WHAT THE EXERCISE ASKS
Take the lines below from the one with "На данный момент" through the one with "PASQ flap over" and print only them, exactly. Don't print the pictures.

RECORDS FOR THE TASK

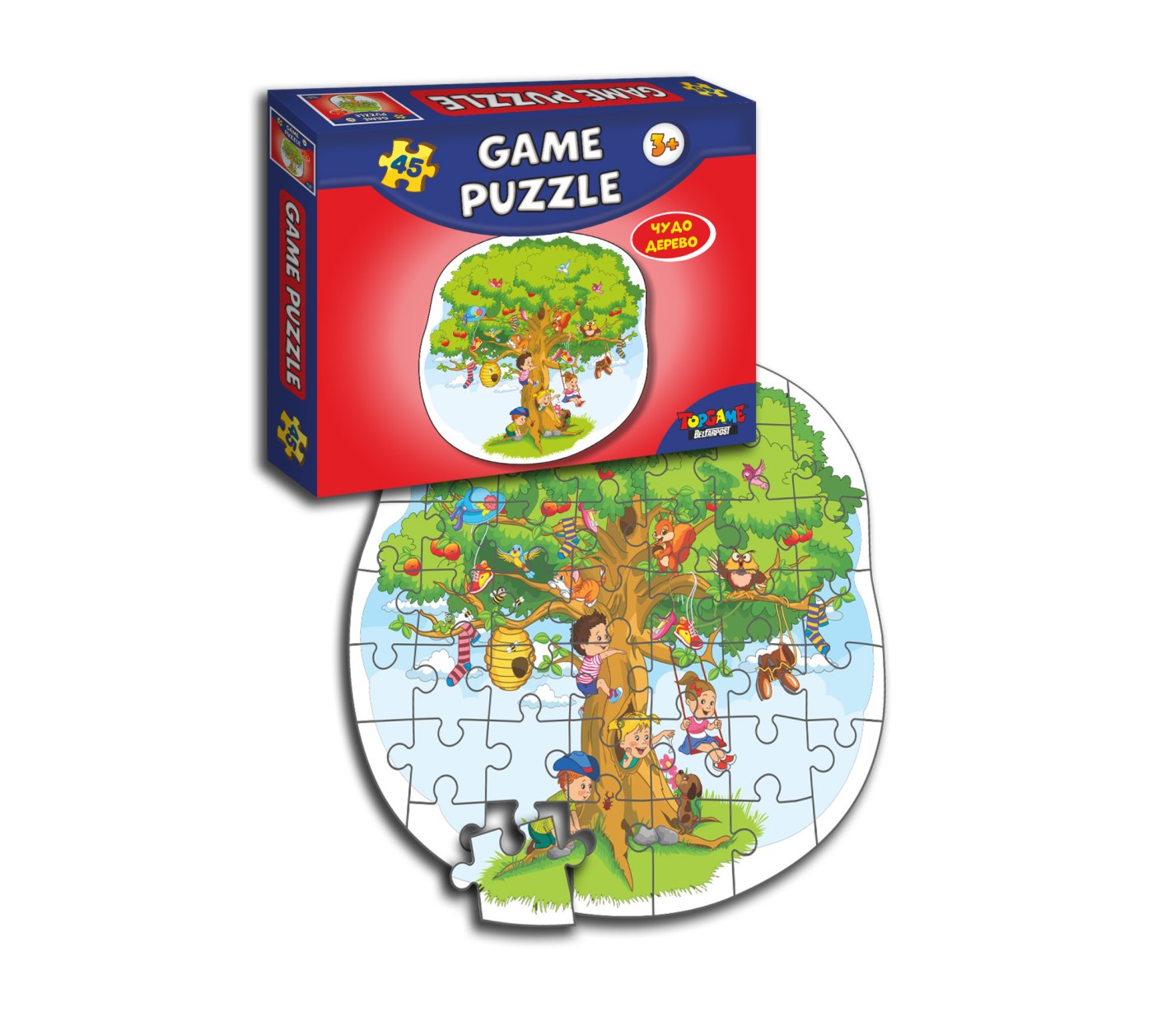 Игровой пазл "Чудо-Дерево" создан по мотивам произведения о необычном дереве, на котором растут чулки да башмаки.
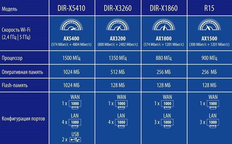 На данный момент новая линейка маршрутизаторов представлена четырьмя моделями: DIR-X5410, DIR-X3260, DIR-X1860 и R15.
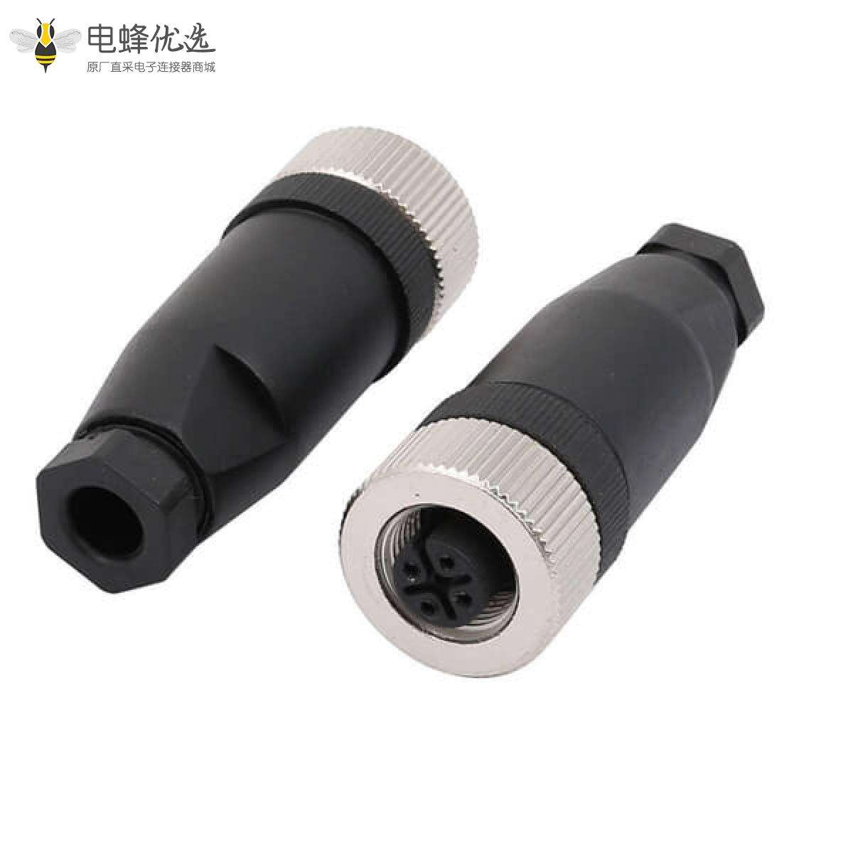 M12 组装接头4芯母头现场安装螺丝锁线接头2PCS
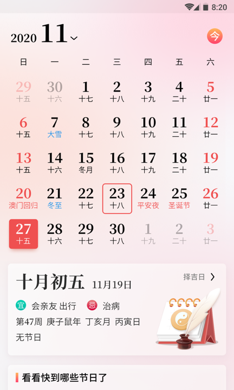 黄历app专题合集汇聚了多款实用的黄历软件,这些app融合了传统黄历的文化底蕴与现代万年历的便捷功能。用户不仅可以轻松查询农历、公历日期,还能获取天气动态、黄历宜忌、节日节气等信息,为日常生活提供便利。部分app还提供运势查询、日程提醒等特色功能,满足用户的多
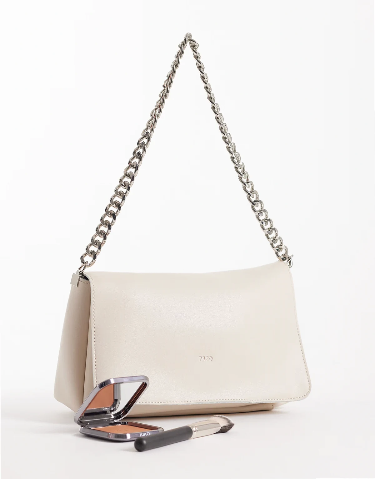 PASQ flap over crossbody chain purse in beige
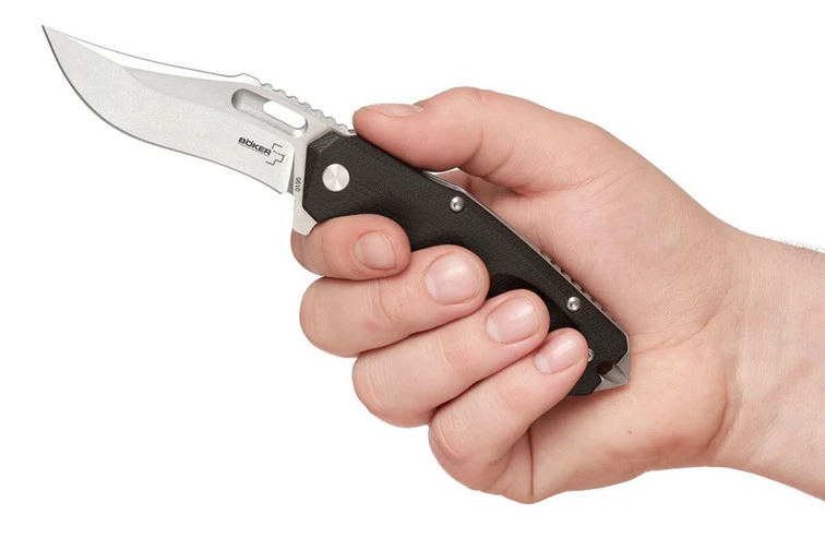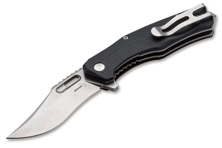 The Boker Plus Defender by Boris Manasherov offers balanced dimensions with an 8.3 cm blade, creating a knife that is big enough for most applications while still being compact enough to be carried every day. The clip-point blade with ball bearings and a stonewash finish is made from D2 and opened with the flipper. Black G10 and solid steel plates ensure the best possible grip and safe handling. Handle with striker and lanyard hole. With a deep carry clip for a deep pocket position.
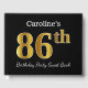 Black, Faux Gold 86th Birthday Party + Custom Name Guest Book
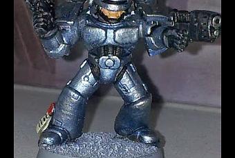 Desde el estado de Indiana,EEUU,llega esta conversión tan simpática para los marines espaciales.Jeremy Weaver vio hace unos meses que los Manos de Hierro habían tenido un gran auge con el tema de la Herejía de Horus y el lanzamiento del sub-codex de los Manos de Hierro.Y pensó:"Si los Manos de Hierro son como ciborgs,no se seria bueno que estuvieran dirigidos por el mejor?"Y así sale esta transformación,bastante simple,pero muy efectiva de Robocop(El Agente Murphy) en un marine espacial.Un poco de masilla,y limar algunas partes y con piezas de plástico se ha podido montar esta miniatura,solo que ahora a dejado los "arbitres" de Detroit y se ha pasado a los Astartes de la X Legión.

RESULT OF THIS EXERCISE
 На данный момент новая линейка маршрутизаторов представлена четырьмя моделями: DIR-X5410, DIR-X3260, DIR-X1860 и R15.
 M12 组装接头4芯母头现场安装螺丝锁线接头2PCS
 黄历app专题合集汇聚了多款实用的黄历软件,这些app融合了传统黄历的文化底蕴与现代万年历的便捷功能。用户不仅可以轻松查询农历、公历日期,还能获取天气动态、黄历宜忌、节日节气等信息,为日常生活提供便利。部分app还提供运势查询、日程提醒等特色功能,满足用户的多
 PASQ flap over crossbody chain purse in beige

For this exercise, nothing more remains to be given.